Family receive remains of woman captured on CCTV cameras drowning in Kampala manhole 10 months ago

The family of Cissy Namukasa has finally received the remains of their relative who drowned in a city manhole 10 months ago.

Footage from the police CCTV cameras on May 2,2020  captured  Namukasa who was coming from Bugoloobi fall in a trench and was washed away towards the Industrial Area by fast running water during a heavy downpour.

The remains suspected to be of Namukasa were six months later in October last year recovered from a swamp and taken for DNA testing.

On Monday, after DNA samples confirmed the remains were hers, the police and Kampala Capital City Authority handed over the remains to the relatives.

https://nilepost.co.ug/2020/10/13/police-retrieve-body-of-woman-who-drowned-in-kampala-manhole-six-months-ago/

Explaining the delay in handing over the remains despite being retrieved four months ago, the Kampala Metropolitan Police spokesperson, Patrick Onyango said having taken DNA samples from the remains and the family members; they had to wait for results from the Government Analytical Laboratory in Wandegeya to confirm Namukasa’s identity.

The KCCA spokesperson, Dan Nuwabiine said the body would work on compensating the family.

“Our legal team and the family will come to an understanding after following the due process,”Nuwabiine said.

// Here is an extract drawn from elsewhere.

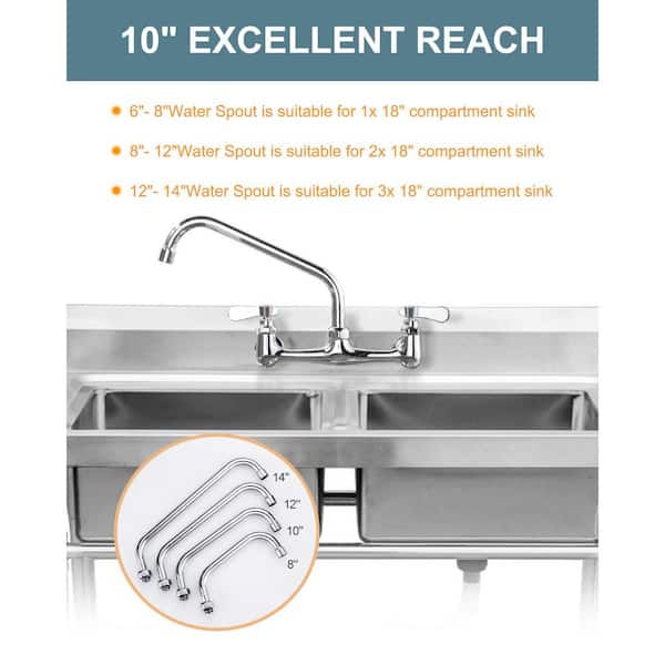 10 in. Commercial Faucet Swivel Spout Replacement in Polished Chrome with 1.8 & 2.2 GPM Aerator and G3/4 Internal Thread
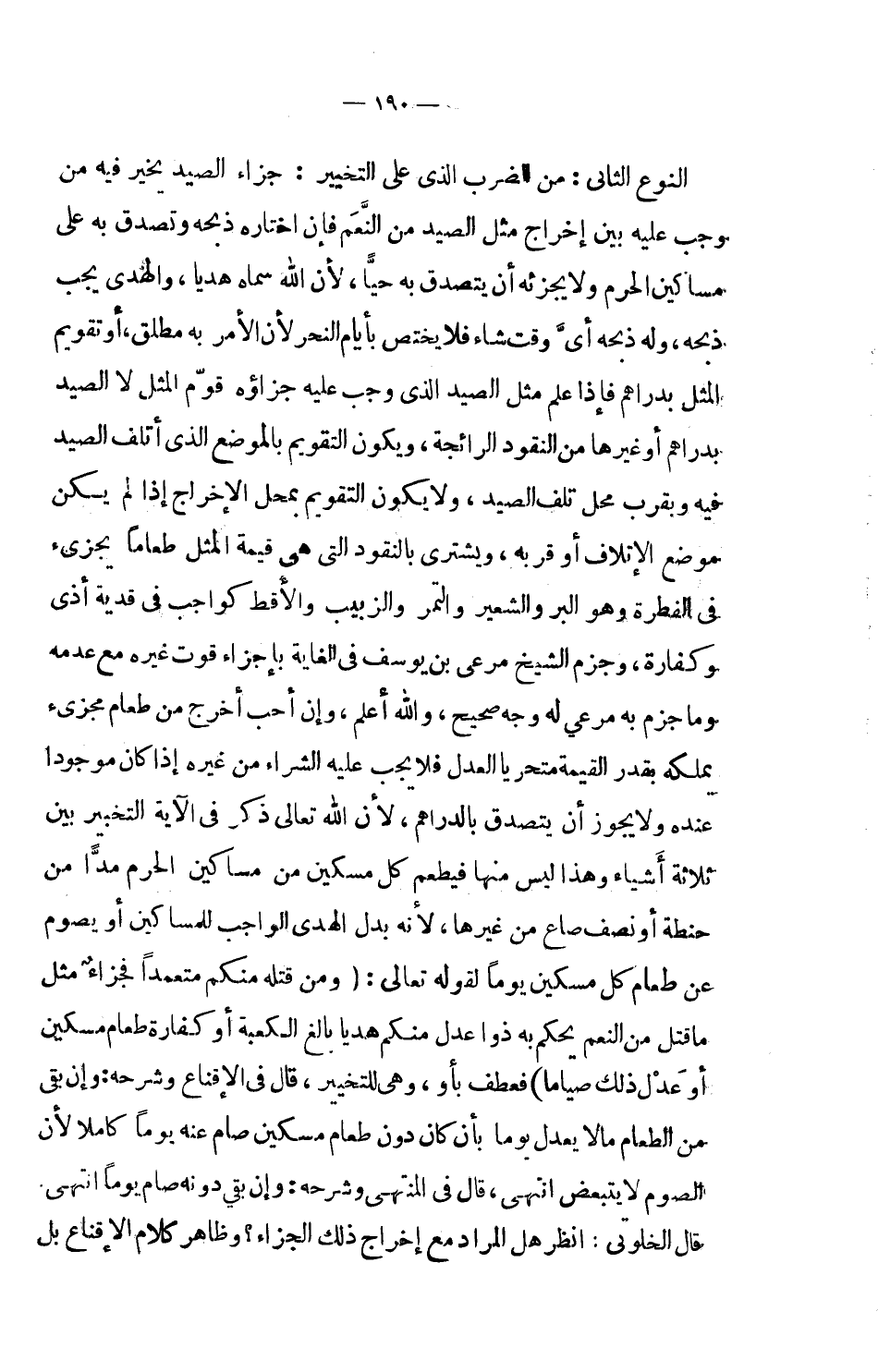 النوع الثاني: من الضرب الذي على التخيير: جزاء الصيد يخير فيه من وجب عليه بين إخراج مثل الصيد من النّعم فإن اختاره ذبحه وتصدق به على مساكين الحرم ولا يجزئه أن يتصدق به حياً، لأن الله سماه هدياً، والهدي يجب ذبحه، وله ذبحه أي وقت شاء فلا يختص بأيام النحر لأن الأمر به مطلق، أو تقويم المثل بدراهم فإذا علم مثل الصيد الذي وجب عليه جزاؤه قوّم المثل لا الصيد بدراهم أو غيرها من النقود الرائجة، ويكون التقويم بالموضع الذي أتلف الصيد فيه وبقرب محل تلف الصيد، ويكون التقويم بمحل الإخراج إذا لم يكن موضع الإتلاف أو قربه، ويشتري بالنقود التي هي قيمه المثل طعاماً يجزئ في الفطرة وهو البر والشعير والتمر والزبيب والأقط كواجب في فديه أذى وكفارة.

Last year, activists dragged Kampala Capital City Authority to court for shs500 million for failure to make city drainage channels safe for pedestrians.

In the suit where the Attorney General was also listed as a respondent, Legal Brains Trust, a Kampala-based human rights and democracy watchdog averred that the current state of roads, drainage channels, sewers and related infrastructure in Kampala city is demonstrably unsafe and inherently hazardous to city dwellers.

“The current state of roads, drainage channels, sewers and related infrastructure in Kampala city is demonstrably unsafe and inherently hazardous to city dwellers and thus depicts an egregious culture or policy of non-enforcement of the aforesaid rights by respondents,” the activists saind in their suit.

“The respondents have hitherto wrongfully commissioned roads, drainage channels, sewers and related infrastructure with inadequate human safety precautions, for example open manholes that pose a danger to the urban dwellers and vulnerable groups like children, persons with disabilities and mental health problems.”